Plain Bayes

Plain Bayes is a simple but powerful predictive modeling algorithm.

The model consists of two types of probabilities that can be calculated directly from your training data:

  1. The probability of each category;

  2. Conditional probabilities for each class given each x-value.

    Once computed, the probability model can be used to make predictions about new data using Bayes’ Theorem. When the data is real-valued, a Gaussian distribution (bell curve) is usually assumed so that these probabilities can be easily estimated.


Plain Bayes is called plain because it assumes that each input variable is independent. This is a strong assumption that is unrealistic for real data, however, the technique is very effective in dealing with a large number of complex problems.

K-Nearest Neighbor (KNN)

The KNN algorithm is very simple and very effective.The model representation of KNN is the entire training dataset.

Predictions are made for new data points by searching for the K most similar instances (neighbors) in the entire training set and aggregating the output variables of these K instances.

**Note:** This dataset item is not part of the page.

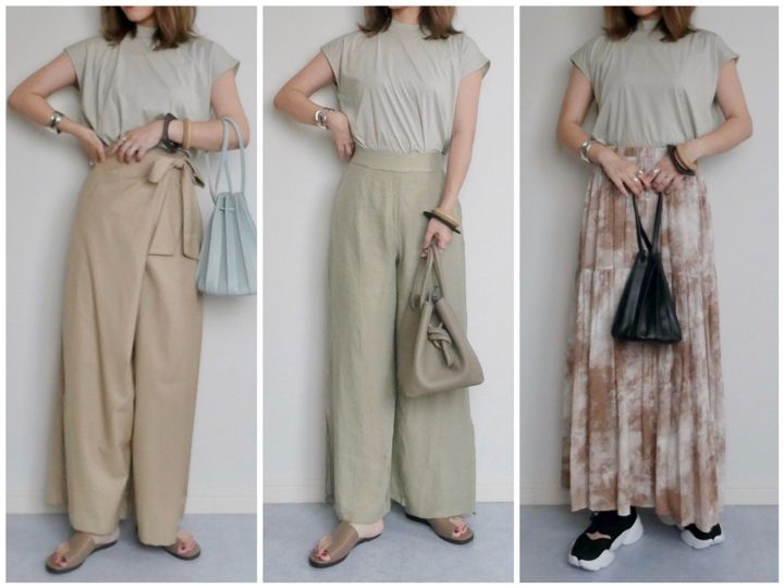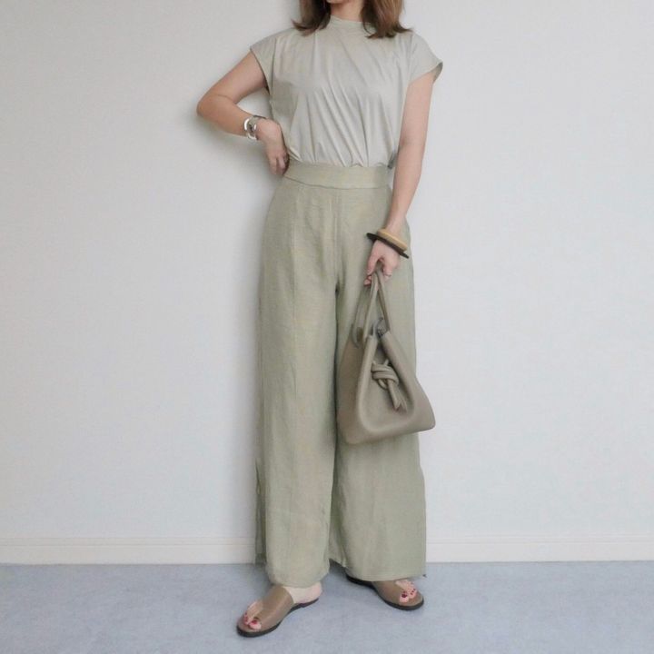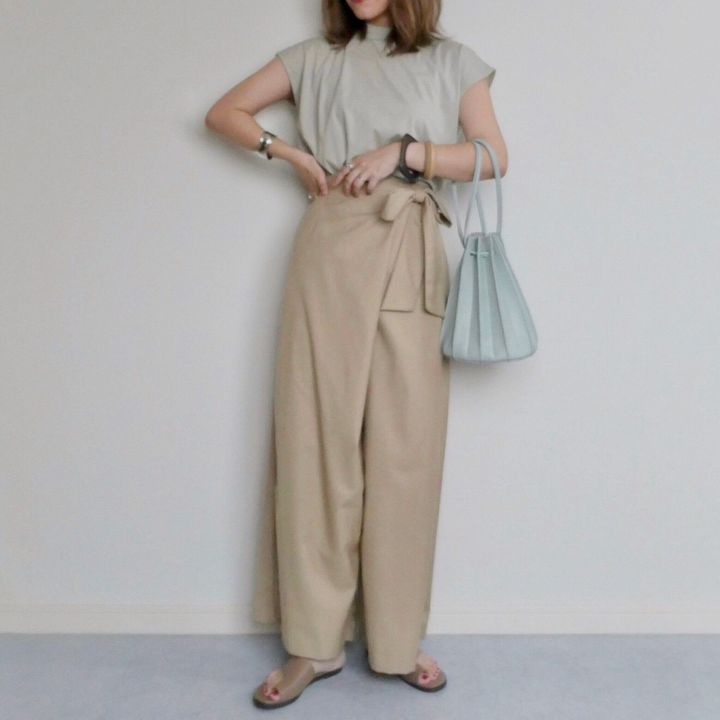 今や定番とも言えるベージュパンツとの相性もバッチリ。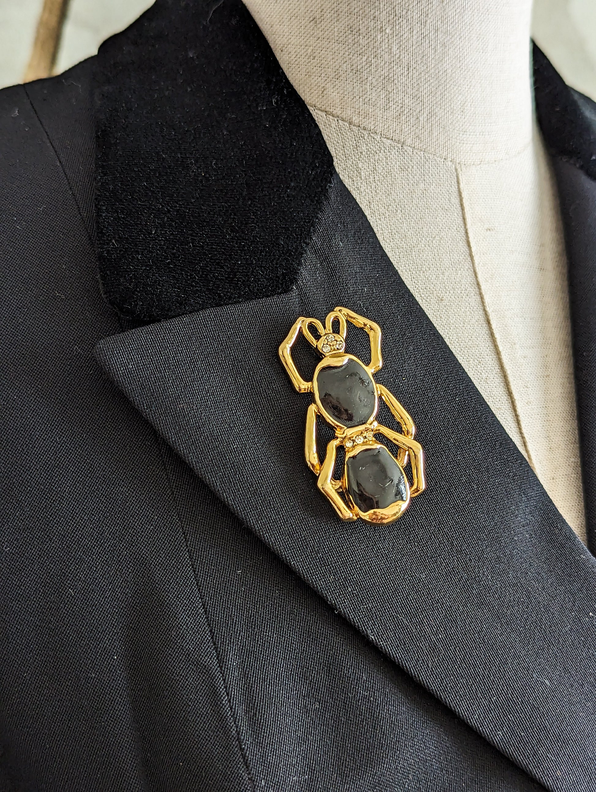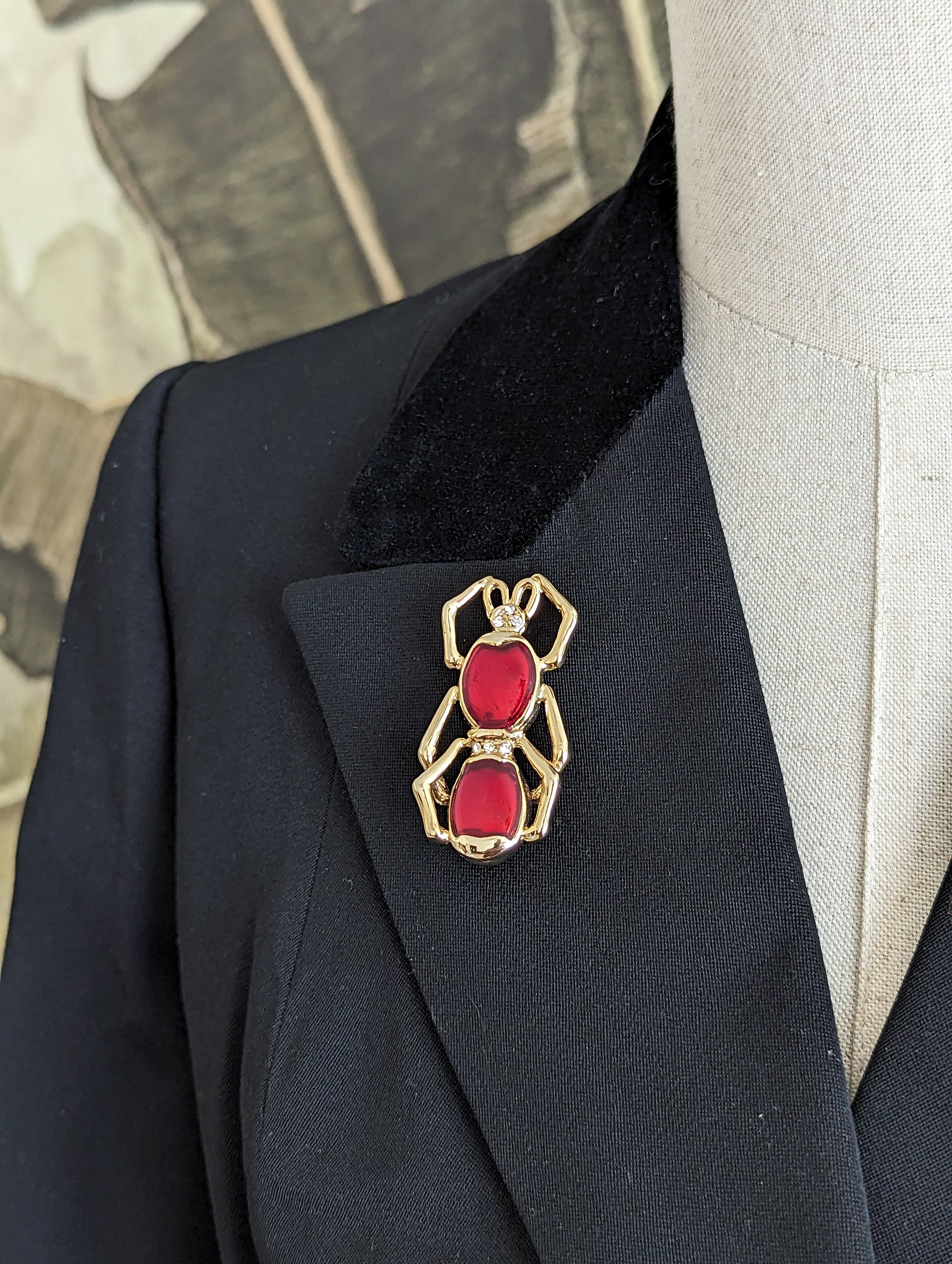Belle broche représentant deux scarabées. La broche existe en 3 variantes, laquée de rouge, de bleu ou de noir.

For regression problems, this might be the average output variable, and for classification problems, this might be the mode (or most common) class value.


The trick is to determine the similarity between the data instances.

KNNs may require a large amount of memory or space to store all the data, but perform the computation (or learning) in time only when a prediction is needed. This period allows you to update and manage training instances over time to maintain prediction accuracy.